Pendant ce temps, le centre d’accueil de Londerzeel a continué à évoluer. De nombreuses expériences ont été menées avec de nouvelles techniques de compostage et de recyclage. Le paillage de copeaux de bois entre les arbustes et les plantes vivaces a fait l’objet de beaucoup d’attention. Jean Cornelis, chef du service des espaces verts d’Uccle et vice-président du CJP, a joué un rôle crucial dans sa promotion.

Le secrétariat a été équipé d’une toilette à compostage, dans le verger, la tondeuse mulching a remplacé la tondeuse à gazon traditionnelle et une zone de démonstration a été mise en place pour le compostage domestique. Inspiré par un projet au Québec, Frederick a proposé de former des maîtres composteurs. Le CJP a organisé des centaines de sessions de formation pour des volontaires dans toute la Belgique. Plus tard, en concertation avec l’OVAM, la formation des maîtres composteurs a été confiée à l’asbl Vlaco.

Le compostage du bois en Flandre et le rôle de Vlaco

Frederik a construit un vaste réseau dans lequel il a collaboré avec de nombreux experts.
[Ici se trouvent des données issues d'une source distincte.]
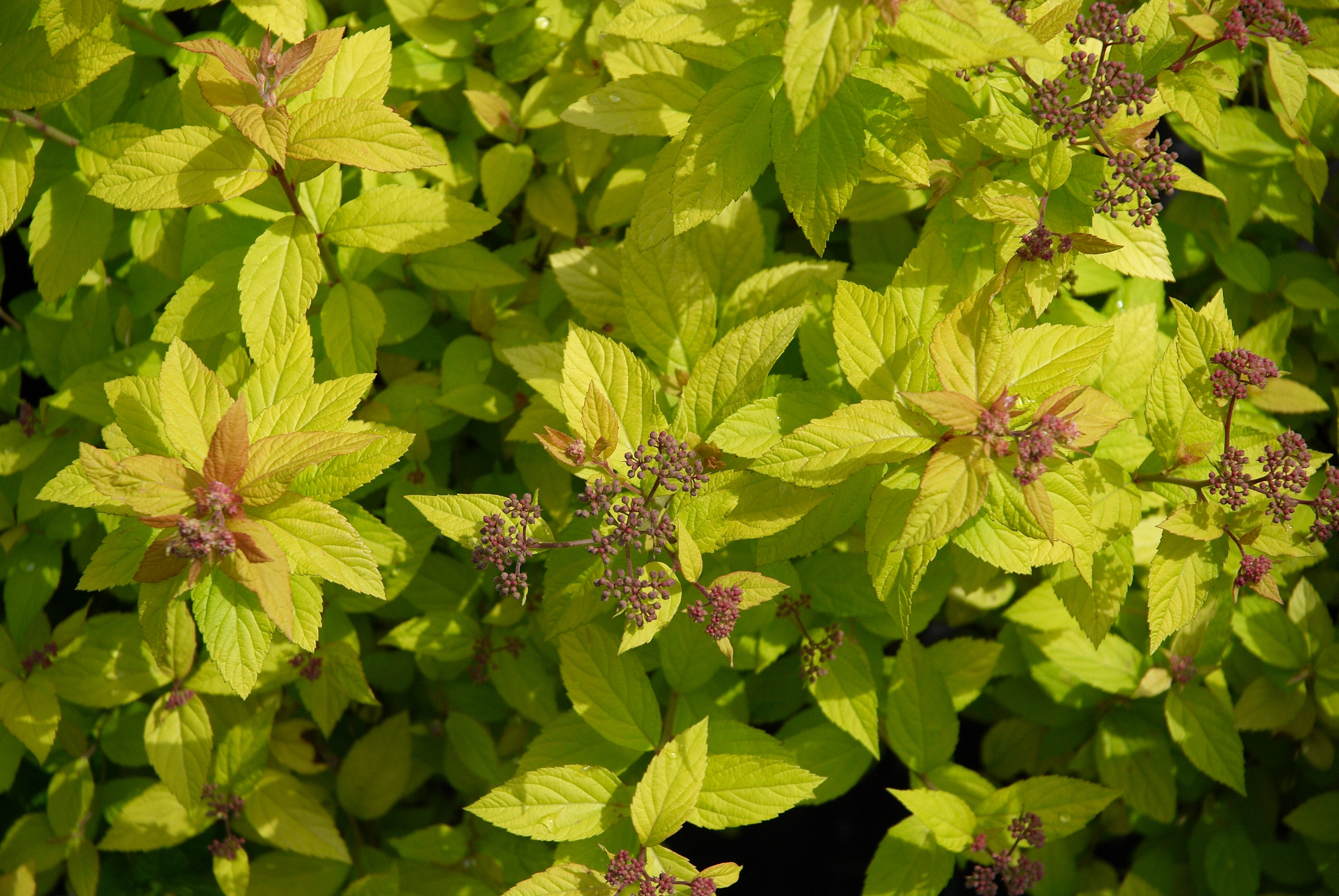 Spiraea japonica 'Golden Princess'. This photo has been taken in Belgium.

Dès ses premières expériences de compostage à Londerzeel, il a rencontré Luc Vanacker, chercheur à l’UGent et plus tard l’un des fondateurs de l’OVAM. Luc est devenu l’un des membres fondateurs du CJP en 1978 et a travaillé sur des alternatives à la mise en décharge et à l’incinération des déchets organiques.
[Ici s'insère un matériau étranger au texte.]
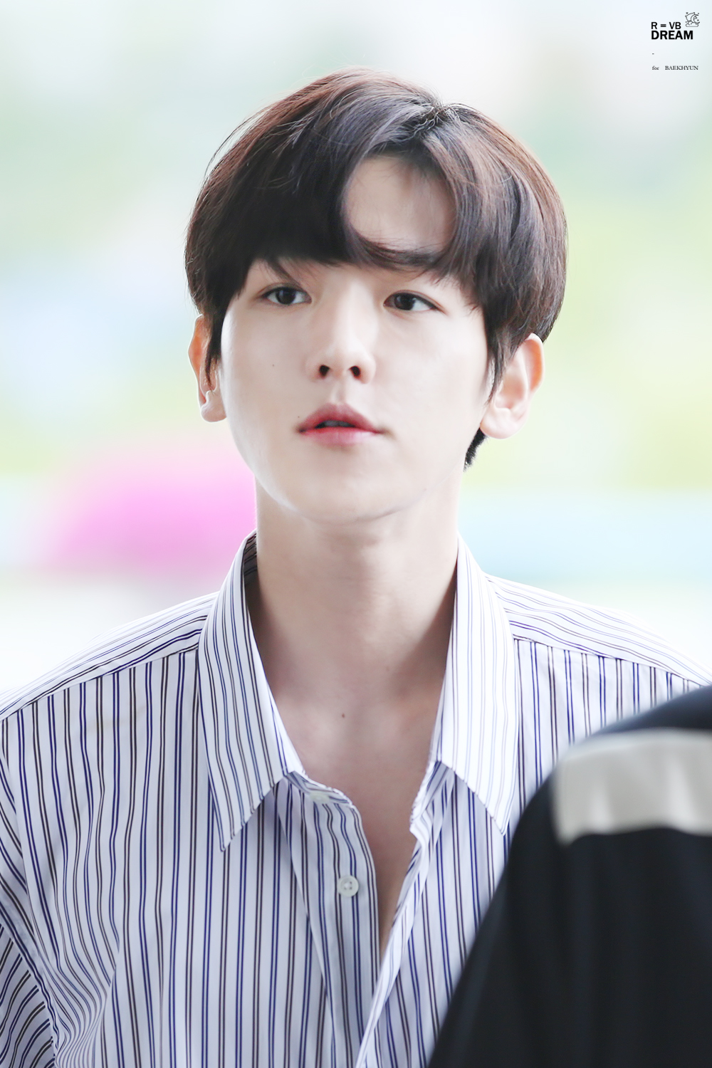 Byun Baek-hyun, departing from Gimpo Airport on June 6, 2017.

Dans le même temps, Frans Verschoot, président de la section VELT d’Izegem, a mis en place un petit site de compostage en collaboration avec l’intercommunale des déchets locale. Les résidus d’élagage sont désormais conservés séparément et compostés selon la méthode Jean Pain. En outre, de plus en plus d’herbe coupée a été apportée, ce qui a conduit à des recherches sur la faisabilité du compostage d’un mélange de bois coupé et d’herbe coupée.

Frederik et Luc Vanacker ont demandé au CJP de faire des recherches à ce sujet. L’ingénieur Filip Robinet entre en fonction et met en place des tas d’essais mixtes. Il encadre Frans Verschoot et développe, avec le constructeur wallon Ménart, des machines spécialisées pour le broyage, le criblage et la transformation du compost. Des journées d’étude et des contacts avec la presse ont permis de faire connaître ces techniques.
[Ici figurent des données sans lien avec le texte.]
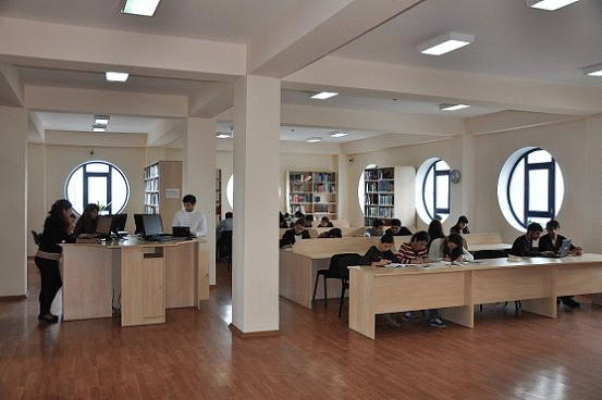 Neftchilar Campus Library and Information Center

Au fur et à mesure que la production de compost augmentait, l’OVAM s’est rendu compte de la nécessité de rationaliser le marketing, la recherche et les normes de qualité. En 1992, l’asbl Vlaco a été fondée avec Luc Vanacker à sa tête, marquant le début d’une nouvelle et passionnante histoire du compost en Flandre.

Un patrimoine vivant

Frederik Vanden Brande a vu le Comité Jean Pain changer et évoluer. Son rêve d’amener le plus grand nombre possible de jardiniers à composter et à transformer les déchets de taille en compost à grande échelle s’est largement concrétisé. Son histoire et celle de Jean Pain sont inextricablement liées à l’histoire du compost en Flandre et bien au-delà.

Du fond du cœur, nous rendons également hommage à sa merveilleuse épouse Lorraine, qui l’a soutenu avec amour pendant toutes ces années.